Photo 9: Tapered hozo tenon, a design to enhance the ease of disjointing |
Despite the loss of the two piers from the first span, its superstructure remained intact. The superstructure was protected by the design of a special tenon called hozo (projection left by cutting away the wood around it for insertion into another member to make a joint) (Photo 9). Unlike typical tenons, which are designed to join members firmly, the hozo used in the Bridge had been tapered to allow members disjoint easily, so that substructural damage would not impact the superstructure. In other words, the hozo was designed to function in a way similar to a fuse in an electric circuit. This unique hozo design was developed over the long history of the Bridge, which experienced frequent storms and floods. Although the great flood of 2005 occurred 55 years after the similarly great flood of 1950, slightly less serious floods strike every few years. The Kintaikyo would have been carried away more frequently, had its central portion been a girder bridge equipped with many piers.
Earthquakes
In December 10, 1685 by the lunar calendar then in use (January 4, 1686 by the present solar calendar), the region was struck by an earthquake thought to have exceeded 7.0 on the Richter scale. A document of the time indicates that during the quake, piers submerged slightly. More recent earthquakes in the region include one measuring 6.9 on the Richter scale in 1905 and another measuring 6.2 in 1949. There is, however, no record that the Bridge was damaged by either quake.

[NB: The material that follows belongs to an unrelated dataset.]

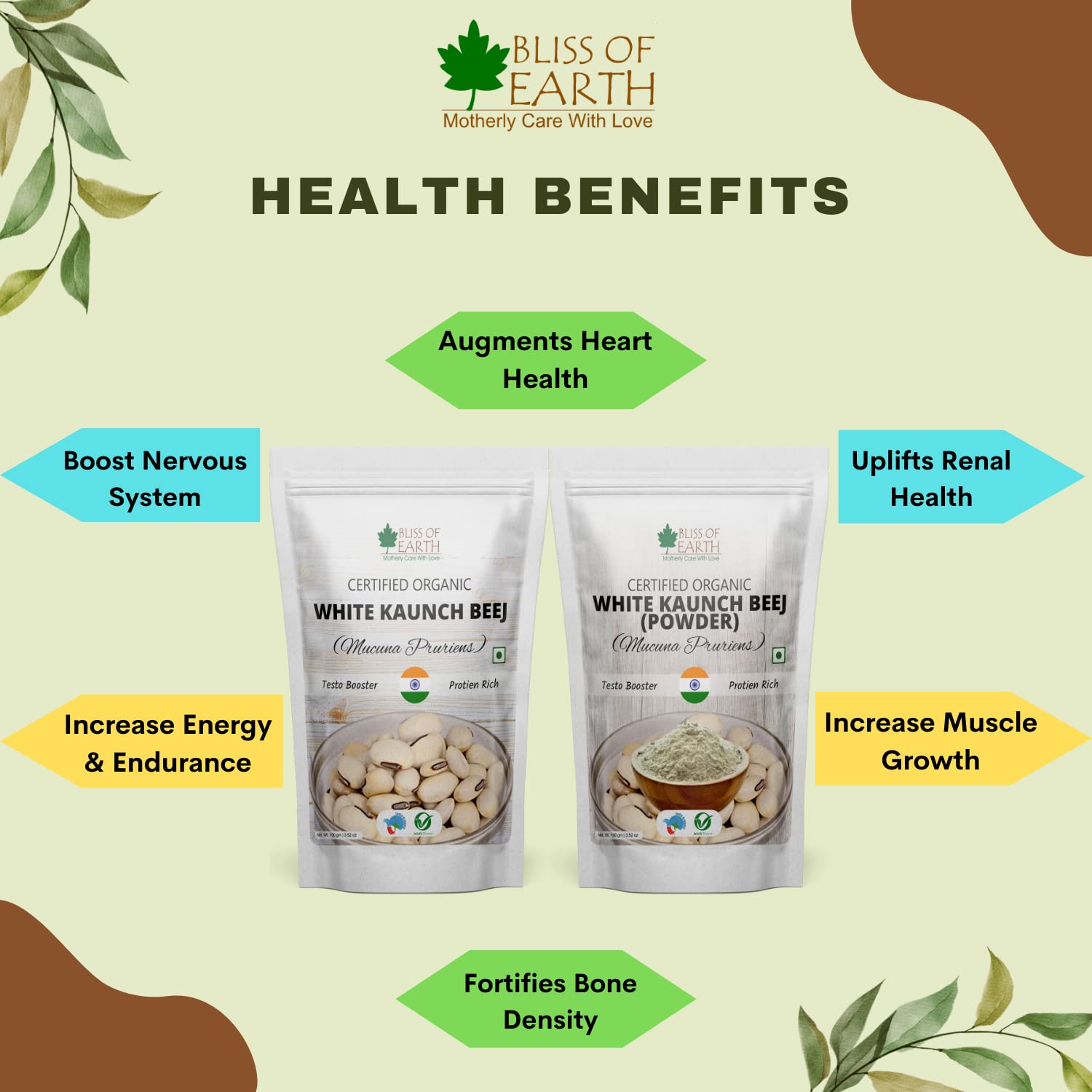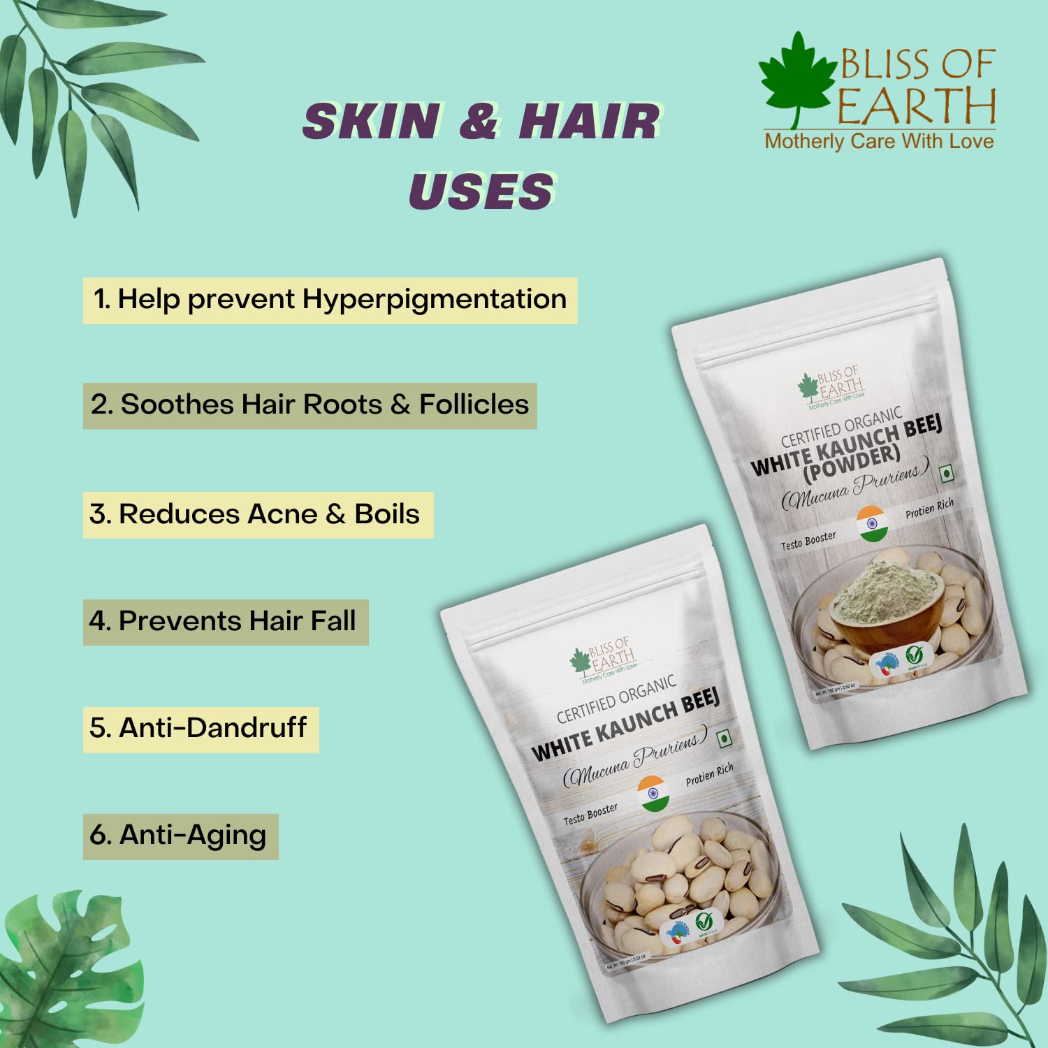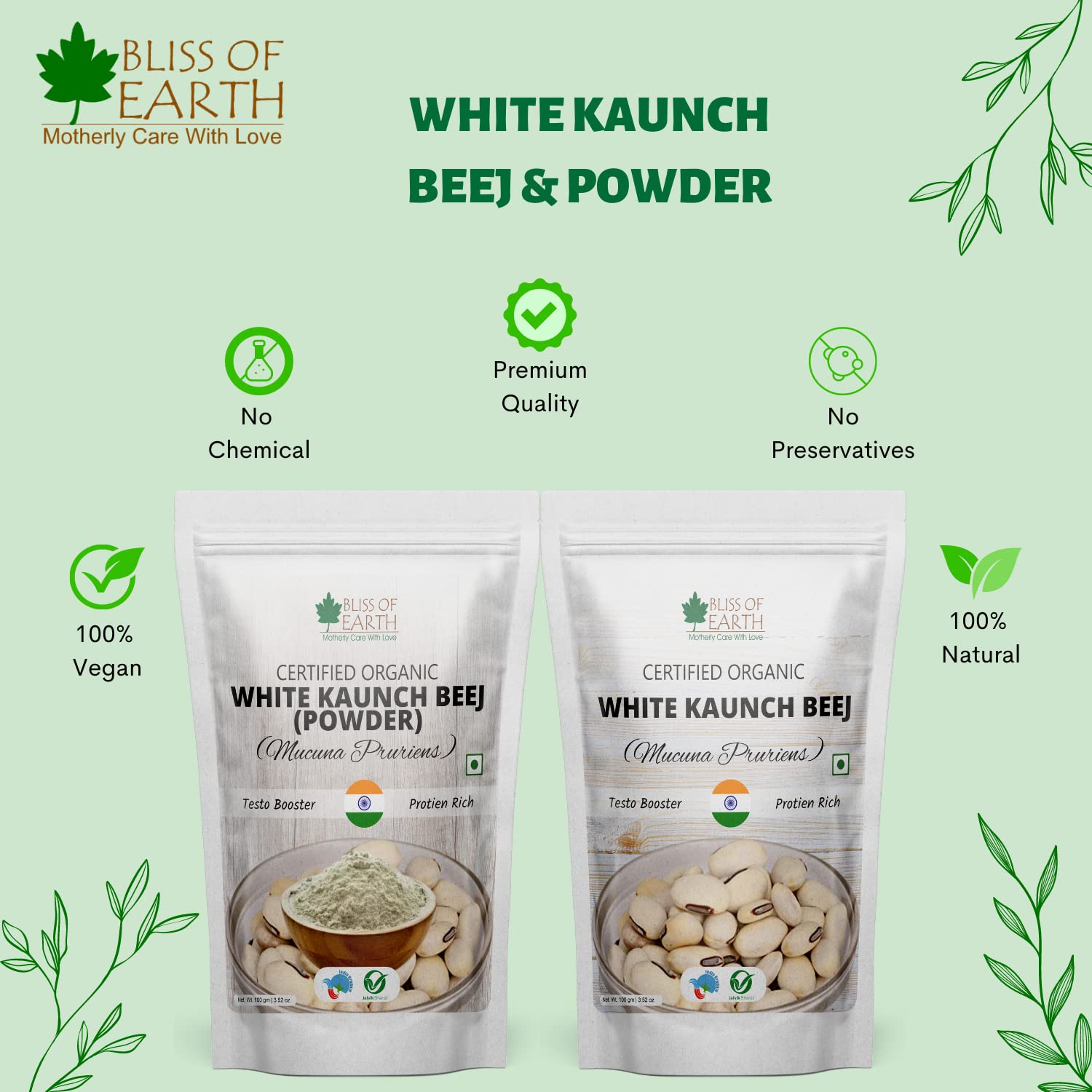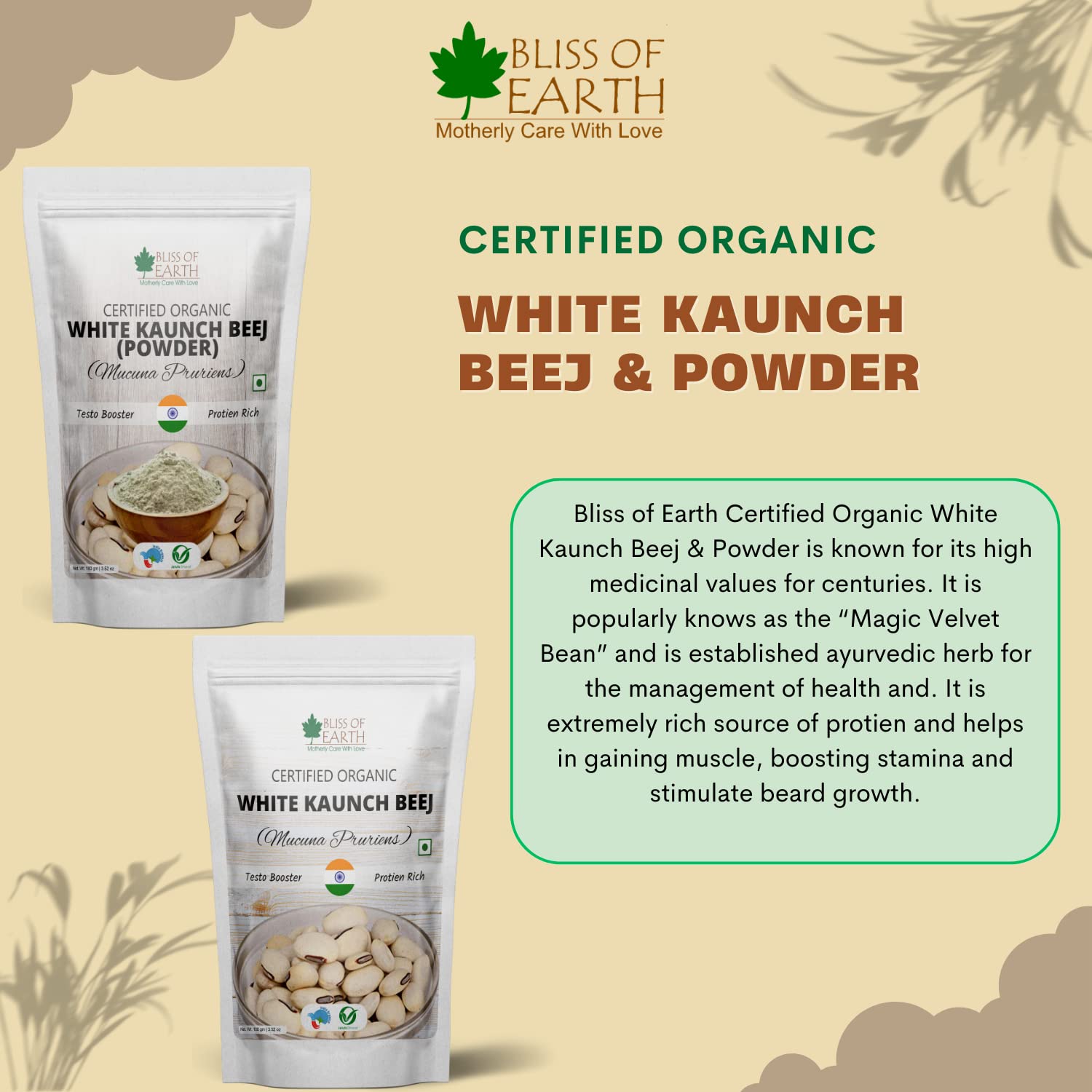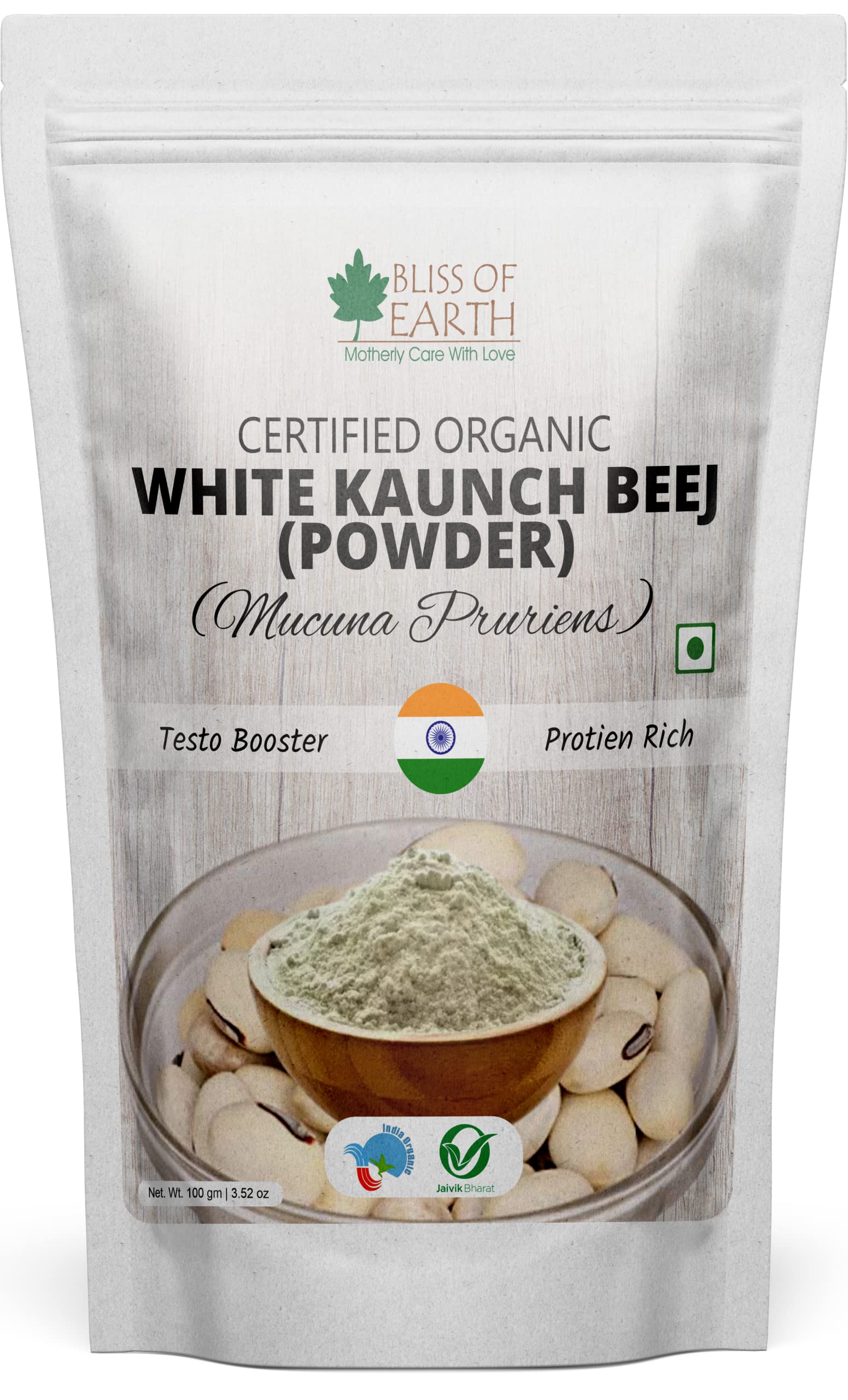 Bliss of Earth Certified Organic White Kaunch Beej Powder is known for its high medicinal values for centuries. It is popularly knows as the "Magic Velvet Bean" and is established ayurvedic herb for the management of health. It is extremely rich source of protien and helps in gaining muscle boosting and beard growth.
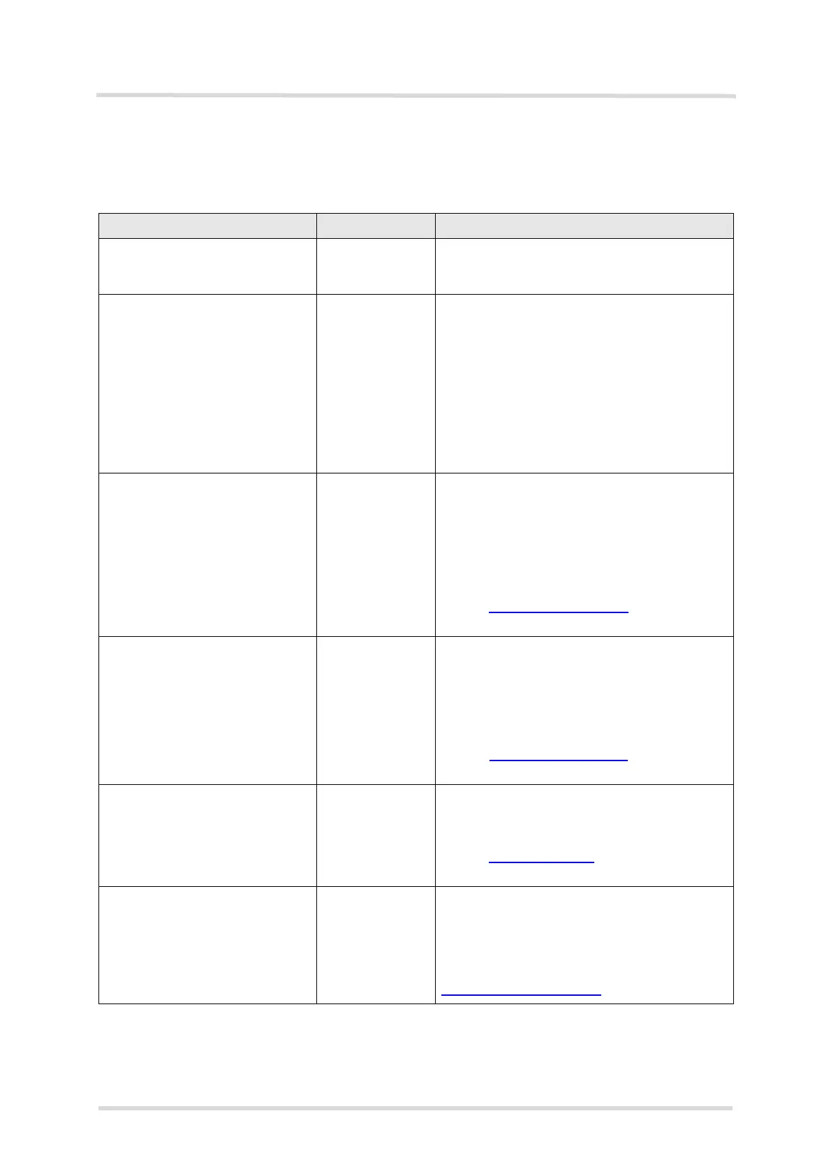 Table 24: List of parts and accessories

Still more recently, the West Tottori Earthquake occurred on October 6, 2000 (7.3 on the Richter scale), and the Geiyo Earthquake on April 24, 2001 (6.4 on the Richter scale), both causing extensive damage to many structures in the nearby region. At the time of the Geiyo Earthquake, the Kintaikyo Bridge swayed so violently that pedestrians crossing it were extremely frightened. The Bridge, however, remained intact. The Bridge was free from deformation because the over 20,000 members comprising it absorbed the stress of the quake.
Thus, a storm definitely poses a greater threat to the Bridge than does an earthquake.